=== ENTRIES PROVIDED ===

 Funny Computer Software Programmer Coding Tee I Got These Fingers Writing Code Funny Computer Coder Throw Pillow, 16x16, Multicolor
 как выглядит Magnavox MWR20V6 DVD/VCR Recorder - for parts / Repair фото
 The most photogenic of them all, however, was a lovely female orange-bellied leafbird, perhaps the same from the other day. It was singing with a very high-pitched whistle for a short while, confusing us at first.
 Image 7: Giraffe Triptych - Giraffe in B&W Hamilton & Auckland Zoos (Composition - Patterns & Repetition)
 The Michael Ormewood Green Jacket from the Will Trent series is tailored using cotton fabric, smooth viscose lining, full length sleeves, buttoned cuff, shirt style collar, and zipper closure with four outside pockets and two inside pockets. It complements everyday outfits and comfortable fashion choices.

===
=== ENTRIES PROVIDED ===

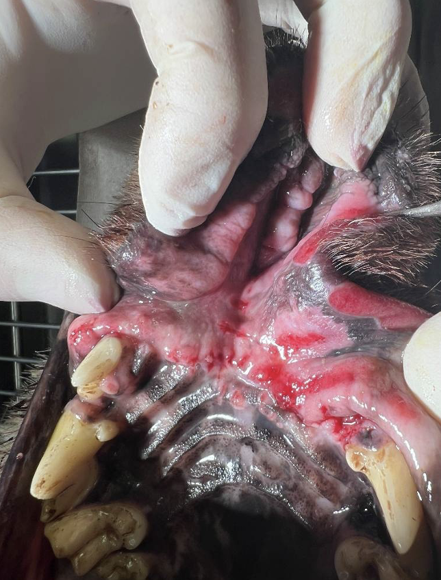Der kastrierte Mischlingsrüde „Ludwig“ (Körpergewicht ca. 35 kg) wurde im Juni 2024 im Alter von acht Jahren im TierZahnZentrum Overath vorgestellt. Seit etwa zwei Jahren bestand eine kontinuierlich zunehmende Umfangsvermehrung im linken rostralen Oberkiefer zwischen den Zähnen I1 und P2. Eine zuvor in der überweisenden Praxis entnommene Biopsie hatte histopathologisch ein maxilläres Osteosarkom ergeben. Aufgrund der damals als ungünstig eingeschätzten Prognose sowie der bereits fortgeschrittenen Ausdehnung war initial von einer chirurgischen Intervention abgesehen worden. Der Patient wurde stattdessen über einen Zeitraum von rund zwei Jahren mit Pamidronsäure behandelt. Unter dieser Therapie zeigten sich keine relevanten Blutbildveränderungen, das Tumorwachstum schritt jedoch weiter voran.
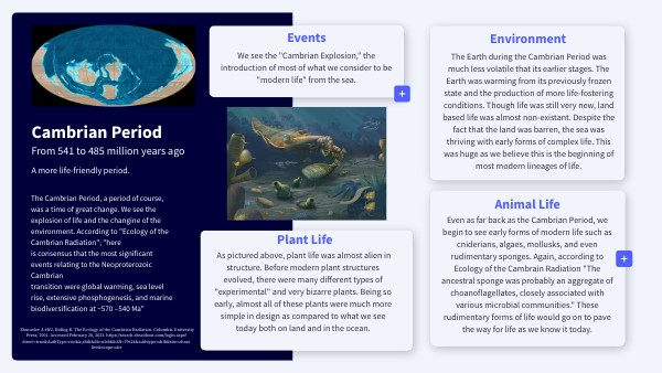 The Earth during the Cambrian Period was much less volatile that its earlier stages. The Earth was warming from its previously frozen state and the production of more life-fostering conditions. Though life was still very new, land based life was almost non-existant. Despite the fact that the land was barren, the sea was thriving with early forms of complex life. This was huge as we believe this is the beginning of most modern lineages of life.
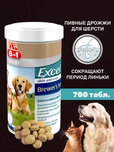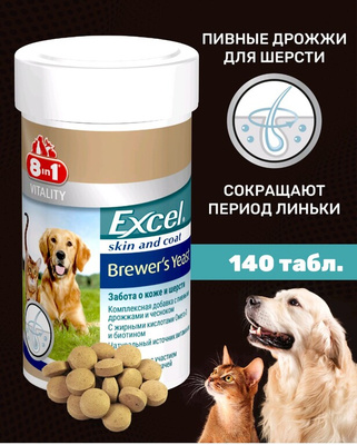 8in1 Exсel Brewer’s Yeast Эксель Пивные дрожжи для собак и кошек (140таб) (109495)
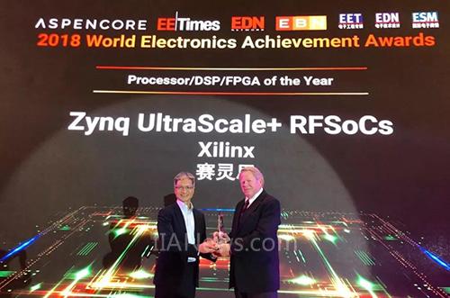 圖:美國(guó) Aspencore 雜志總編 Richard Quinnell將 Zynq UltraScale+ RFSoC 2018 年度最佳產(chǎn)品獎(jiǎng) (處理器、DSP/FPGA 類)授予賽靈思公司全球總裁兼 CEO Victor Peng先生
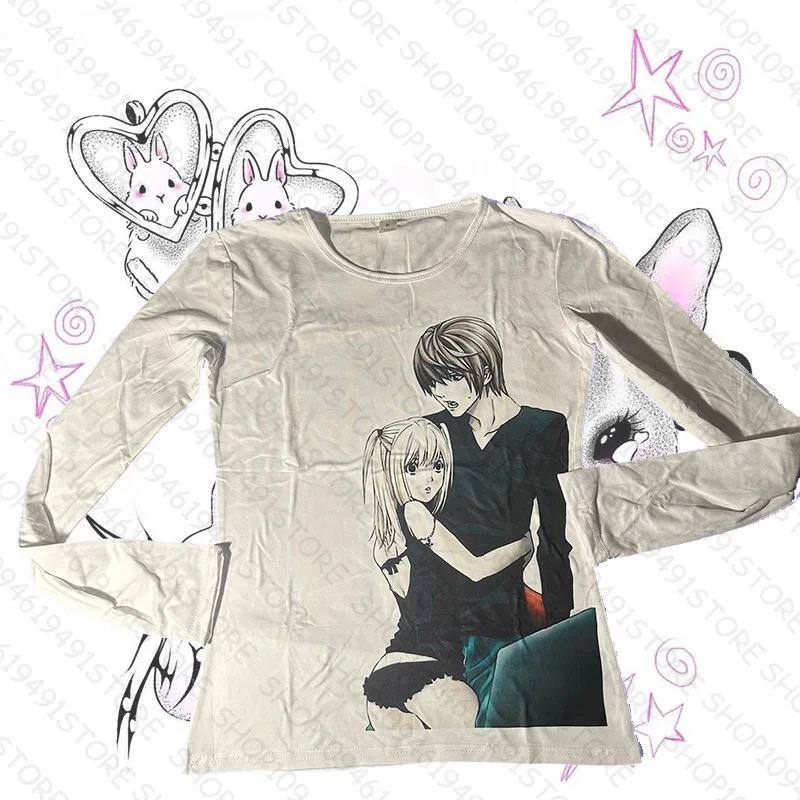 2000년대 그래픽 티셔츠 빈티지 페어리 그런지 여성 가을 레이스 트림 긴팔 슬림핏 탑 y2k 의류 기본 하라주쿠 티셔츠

===

◆ INSTRUCTIONS FOR THE TASK:
Working from the material above, retype exactly the lines from the one with "The most photogenic" through the one with "The Michael Ormewood", both included, and only those lines.

◆ TASK ANSWER:
 The most photogenic of them all, however, was a lovely female orange-bellied leafbird, perhaps the same from the other day. It was singing with a very high-pitched whistle for a short while, confusing us at first.
 Image 7: Giraffe Triptych - Giraffe in B&W Hamilton & Auckland Zoos (Composition - Patterns & Repetition)
 The Michael Ormewood Green Jacket from the Will Trent series is tailored using cotton fabric, smooth viscose lining, full length sleeves, buttoned cuff, shirt style collar, and zipper closure with four outside pockets and two inside pockets. It complements everyday outfits and comfortable fashion choices.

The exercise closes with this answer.